Editor’s note: This post was originally published June 6th, 2025.
What is a location-allocation problem in GIS?
Summer’s almost here, so let’s start with a sunny example. Imagine you’re tasked with finding the top 1,000 most profitable locations across the UK to park an ice cream cart. It’s not just about sweet treats, it’s a geospatial location-allocation problem, one that uses data and analysis to determine optimal placement based on demand, foot traffic, and competition.
But let’s be honest: this isn’t really about ice cream carts.
In our personal lives, we constantly solve these kinds of problems, sometimes without even realizing it.
Take a simple scenario: you’re planning a weekly dinner with your five closest friends, each living in different parts of the city. You want to choose a restaurant that minimizes the total travel time for everyone. Or think bigger: you’re looking for a house to rent or buy. You want a location that balances multiple factors: your commute, your partner’s job, your child’s school, your gym, and maybe even your favorite grocery store.
These are location-allocation problems, and they are everywhere.
Governments and businesses face them every day.
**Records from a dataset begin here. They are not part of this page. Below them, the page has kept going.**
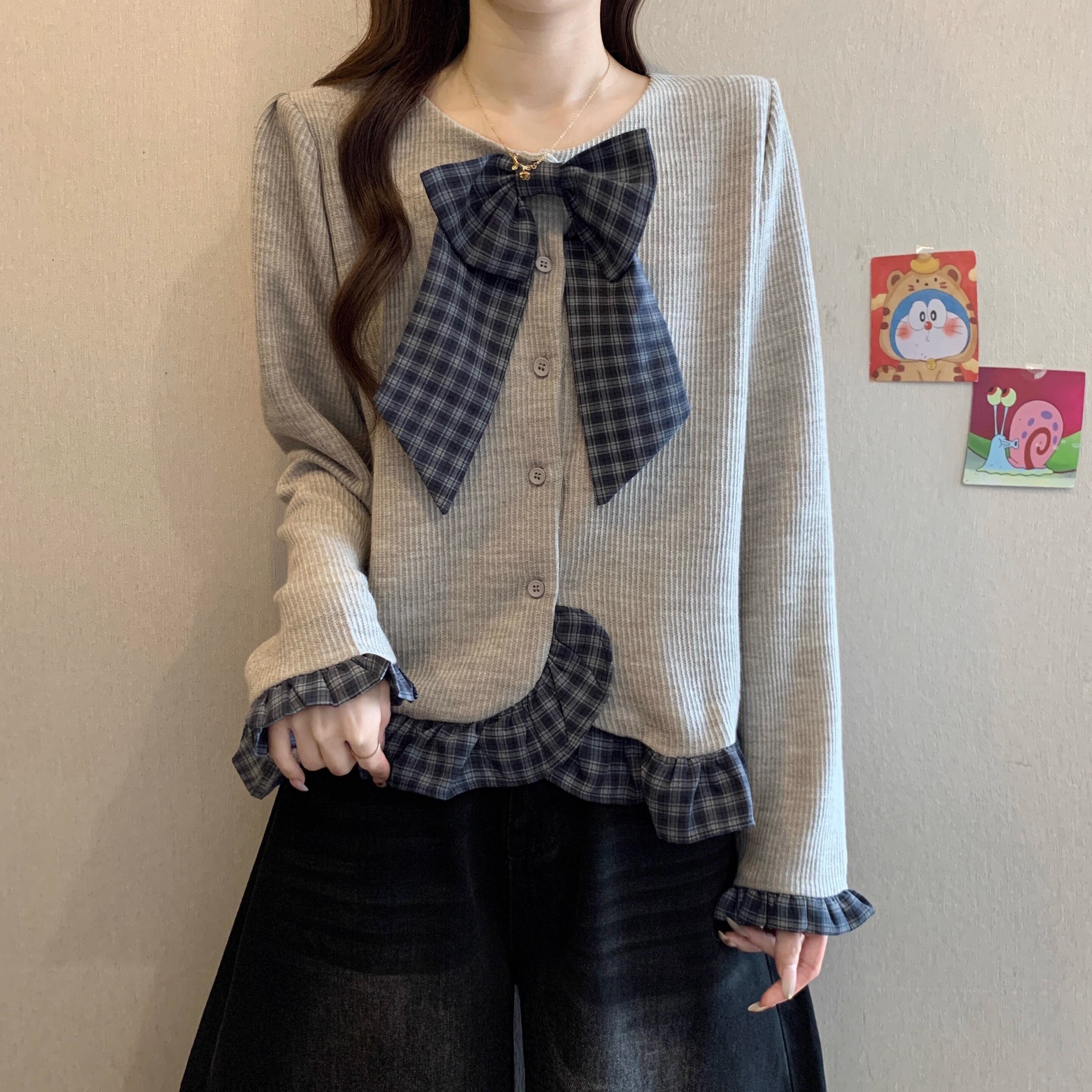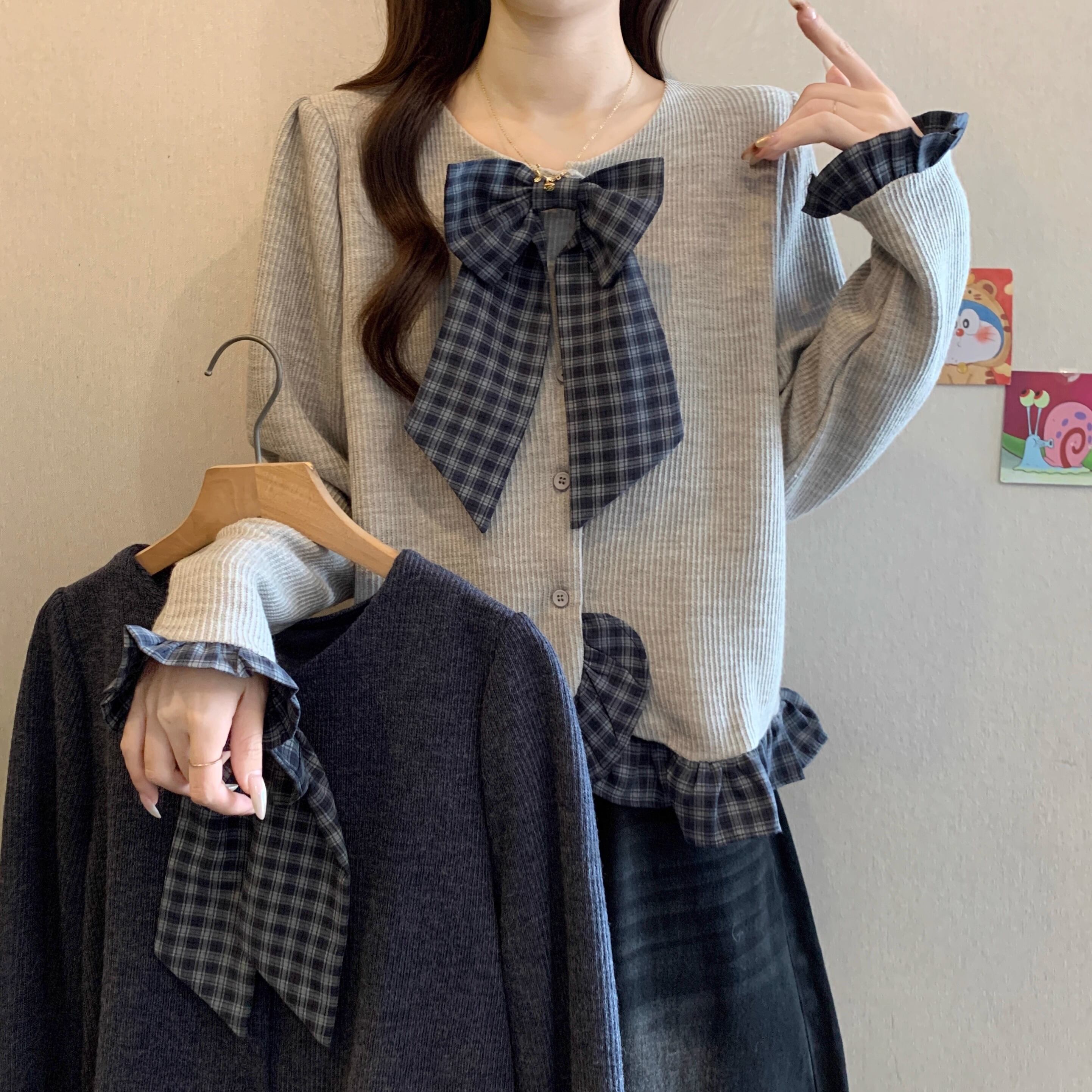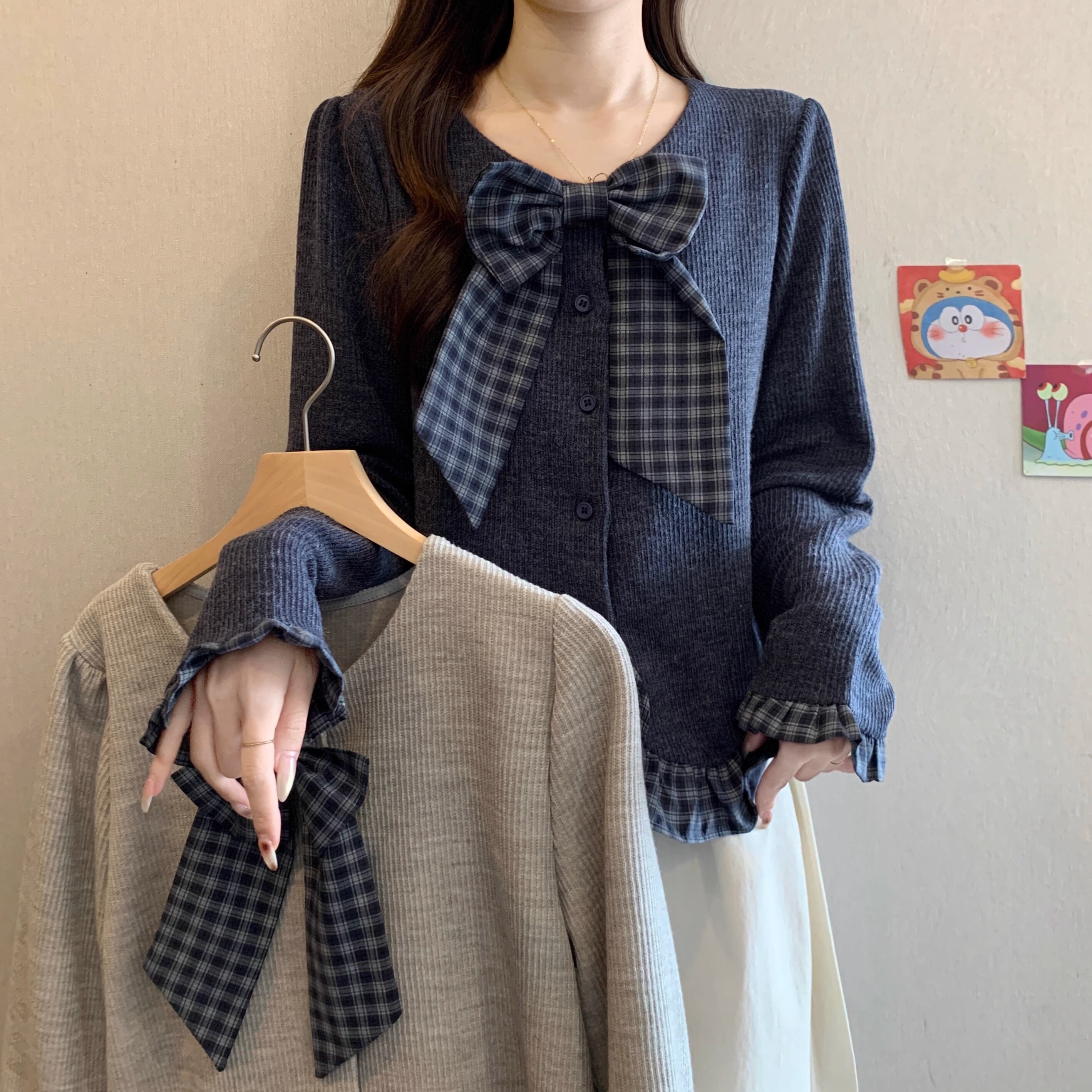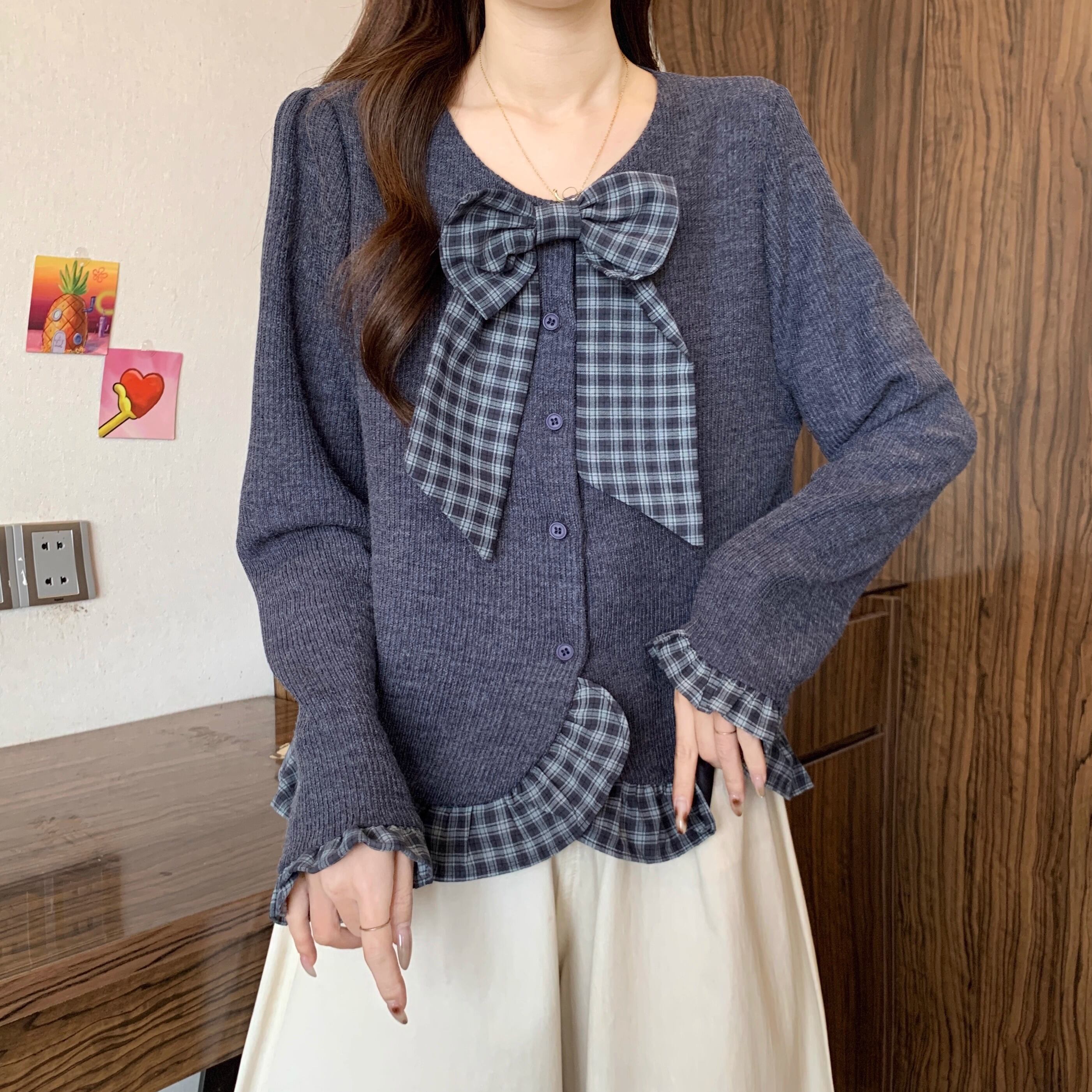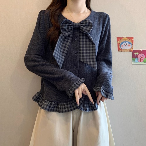 2色/マルチドットラウンドネックニットカーデ ・72979
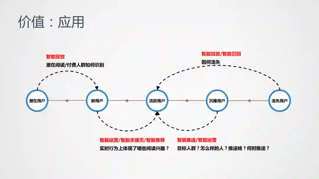 用户画像的应用价值在哪里?我们通过整体的用户生命周期就可以很容易看出用户画像的价值。从潜在用户到新用户,可以识别潜在阅读/付费人群,来进行智能投放;从新用户到活跃用户,可以通过实时行为看出用户的阅读兴趣,来进行智能运营、智能承接页、智能推荐等;还包括未来的流失召回,以及自己用户的激活都跟用户画像息息相关。
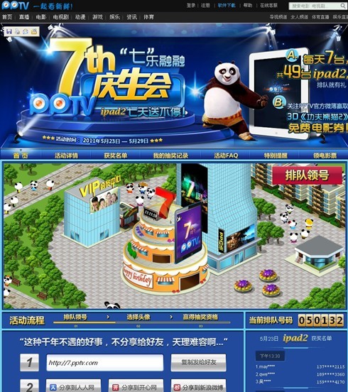 截止到29日活動結(jié)束還有6天時間,用戶凡是登錄 PPTV 網(wǎng)絡電視官網(wǎng),進入活動頁面點擊參與活動加入排隊流程,便會得到一個排隊號,號碼每逢7的倍數(shù)即有機會參與抽獎。為了讓后續(xù)的活動中獎幾率保持如活動開始時一樣,當天的抽獎號碼如未中獎,當天獎池內(nèi)便會清空一次,以確?;顒拥诙炀W(wǎng)友均有機會獲得 PPTV 送出的7臺 iPad 大獎和千張電影券,也就是說網(wǎng)友們可以連續(xù)7日排隊拿大獎,iPad2 送不停。
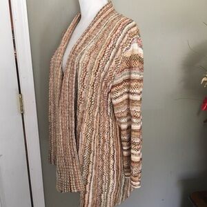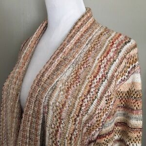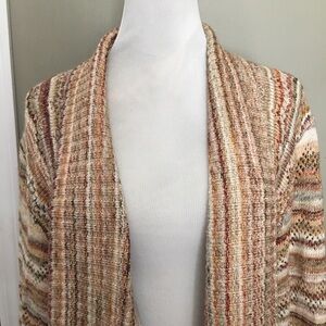 Alfred Dunner sz L open front cardigan sweater. Fall colors, long sleeves, knit, large lapel. Boho, Lagenlook, casual.
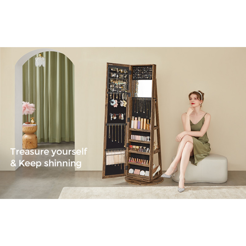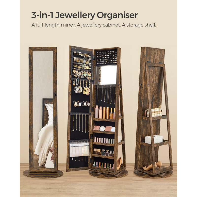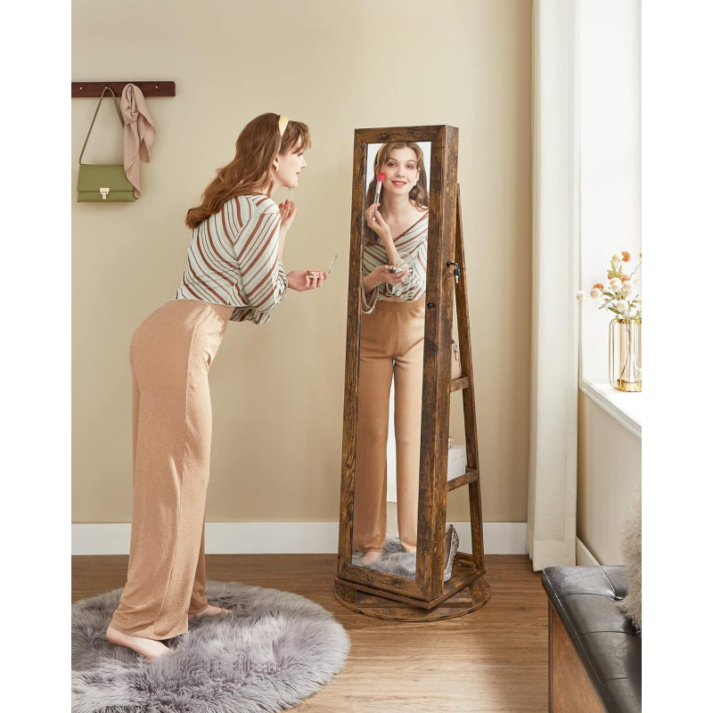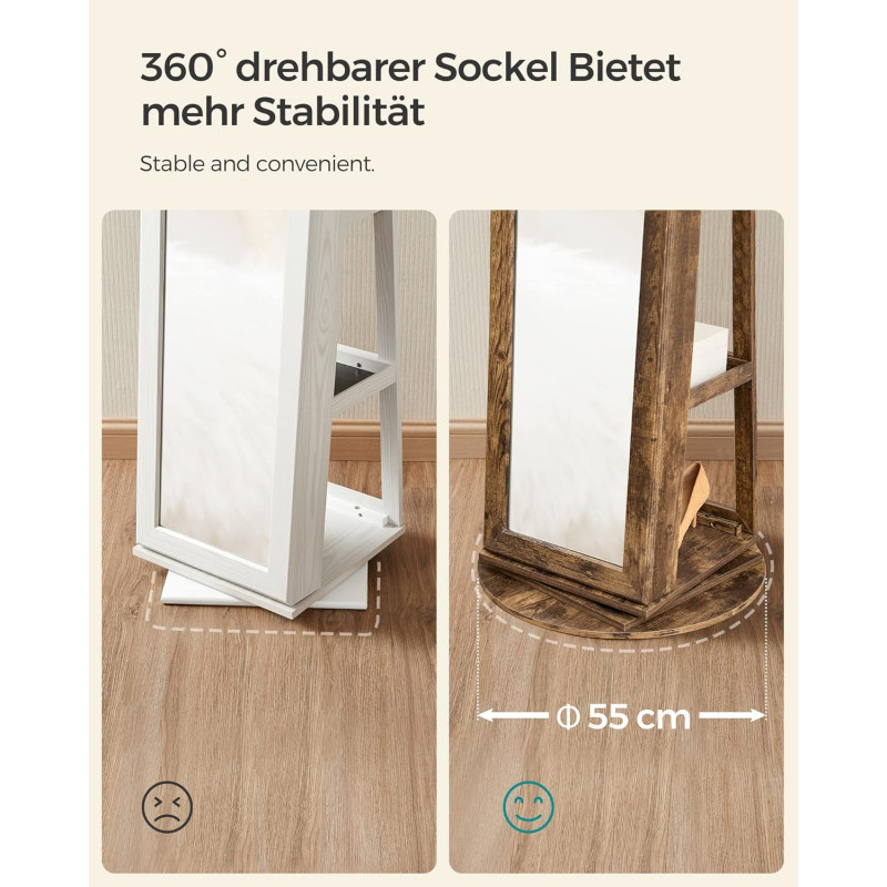 Greutatea produsului: 21,4 kg Despre acest articol Organizator de bijuterii 3 in 1: Cu o oglinda pe toata lungimea de 26 x 144 cm, un dulap pentru bijuterii si un raft de depozitare pe 3 niveluri, acest organizator va pastreaza bijuteriile, machiajul si gentile intr-un singur loc si va ofera o vizualizare rapida de la cap la picioare.Cu 90 de sloturi pentru cercei, 30 de gauri pentru crampoane, 6 carlige pentru bratari, 2 tije pentru bratari, 24 de carlige pentru coliere, 91 de sloturi pentru inele si 5 rafturi, totul are locul sau in acest dulap de depozitare a bijuteriilor - fara mizerie si incurcaturi!Intoarceti dulapul pentru bijuterii pentru a va verifica tinuta din unghiuri diferite sau intoarceti-l spre spate pentru a avea acces usor la articolele de pe raftul din spate - cu o baza pivotanta mare de 360° cu diametrul de 55 cm, acesta se roteste stabil si fara probleme.Acest organizator de machiaj vine cu o oglinda mare in interior, astfel incat sa puteti alege si verifica rapid bijuteriile sau machiajul fara a deschide si inchide in mod repetat usa dulapului.Confectionat din MDF de calitate si catifea moale la atingere, plus un design blocabil, acest dulap pentru bijuterii este solid la exterior si moale la interior, astfel incat bijuteriile dvs. vor fi bine protejate si ingrijite.
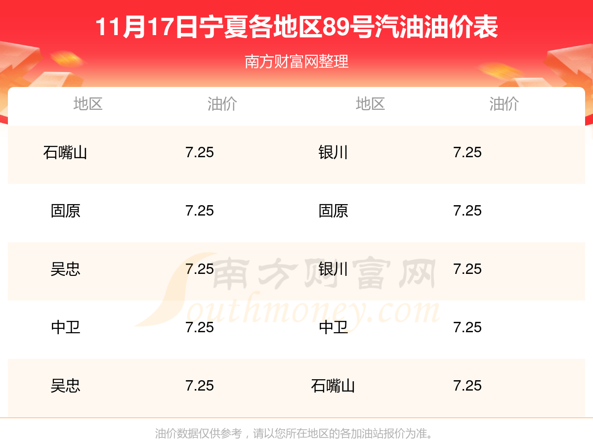 2025年11月17日寧夏89號(hào)汽油最新價(jià)格一覽表
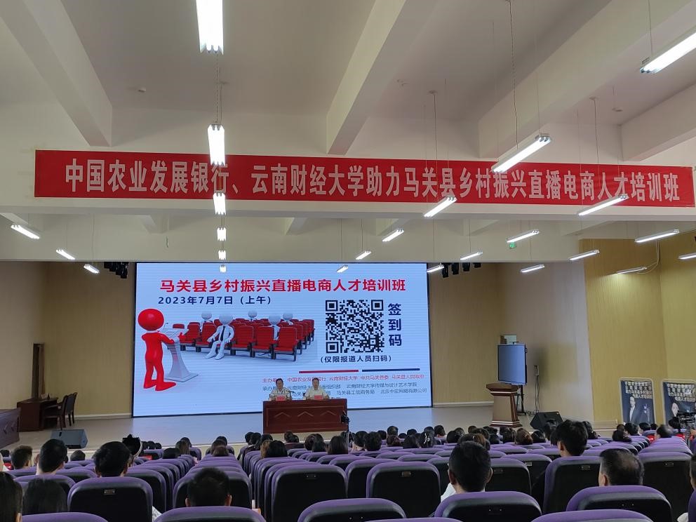 7月7日,bat365在线中国官网登录入口、中国农业发展银行助力马关县乡村振兴直播电商人才培训班开班仪式在马关县正式举行。培训课程由bat365在线中国官网登录入口传媒与设计艺术学院副院长崔木扬领队,李帆老师主讲,开展了为期三天的线下教学,200余名马关学员和群众到场参加了学习。
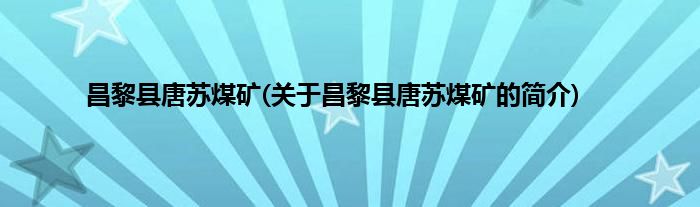 本文关于昌黎县唐苏煤矿的简介就讲解完毕,希望对大家有所帮助。
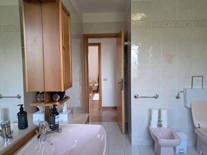 Cet hébergement offre une vue sur le jardin et possède un patio. Disposant d’une terrasse et offrant une vue sur la ville, cette maison de vacances possède 3 chambres, un salon, une télévision à écran plat, une cuisine équipée avec un réfrigérateur et un lave-vaisselle, ainsi que 1 salle de bains avec un bidet.
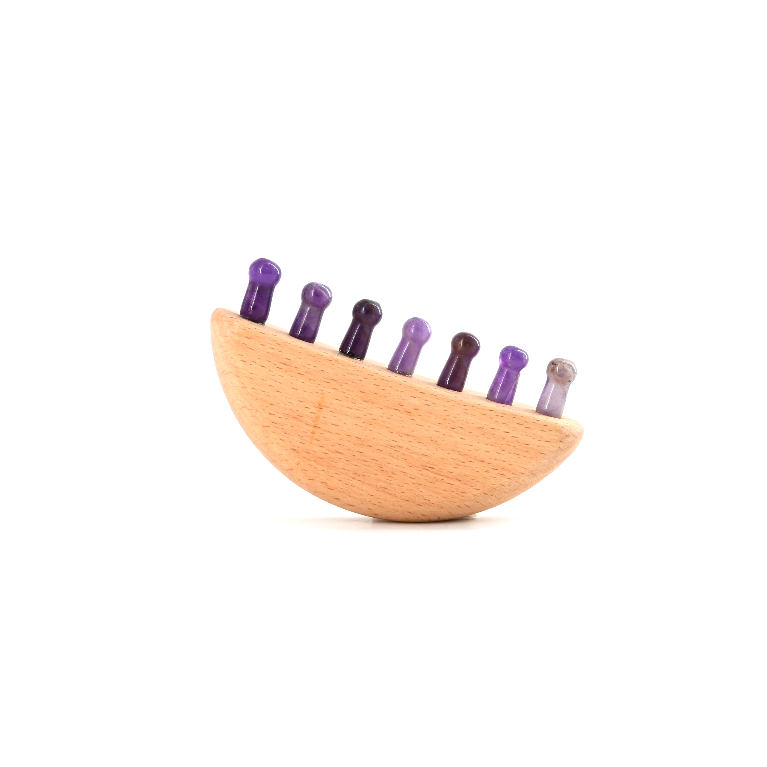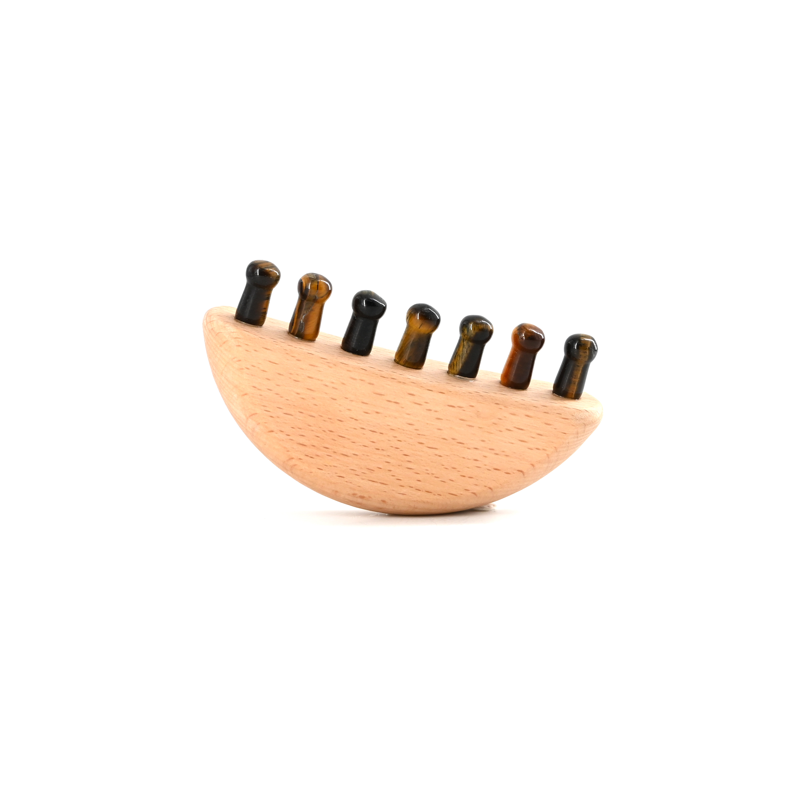 Premium gemstone massage comb with polished stone teeth and smooth wooden handle. Ideal for hair care, acupressure, and relaxation therapy.
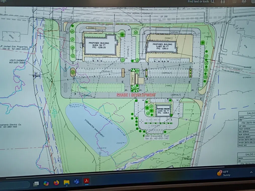 (Preliminary plans for Rustic Lodge/Roseann’s property on Oakland Avenue show possible multiple commercial properties. Photo by Josh Widdowson)

Where should we place new fire stations to achieve 8-minute response times across a city? Where is the best spot for a new wastewater treatment plant? How do we select optimal locations for bus depots, EV charging stations, or substations to relieve electricity grid congestion?
The list of applications is endless. And the process doesn’t stop after choosing the top candidate locations. You’ll often want to monitor how these locations perform over time. Do they still serve the demand well? Has the population shifted? What insights can we gain from usage data, customer behavior, or operational costs?
This evolution naturally leads into the world of data products, big data, predictive modeling, and machine learning. Since these challenges are inherently spatial, Geographic Information Systems (GIS) remain indispensable, not just for mapping, but as comprehensive information systems that integrate people, data, analysis, software, and hardware. To truly harness the power of GIS and spatial intelligence, you need a platform that supports all these components in a seamless and scalable way.
There are many tools out there to solve these problems, but in this article, I want to focus on Databricks and Apache Sedona, two powerful technologies I’ve chosen for tackling large-scale location-allocation problems. I’ll explain why these tools make sense for spatial big data analysis and share how they fit into the modern geospatial stack.
As you read, I encourage you to reflect on your own work. What kind of location-allocation problems are you facing in your industry? Share your thoughts in the comments, I’d love to hear your perspective.
Implementation:
The following implementation is part of the training we offer at RevoData focused specifically on leveraging the geospatial capabilities of Databricks.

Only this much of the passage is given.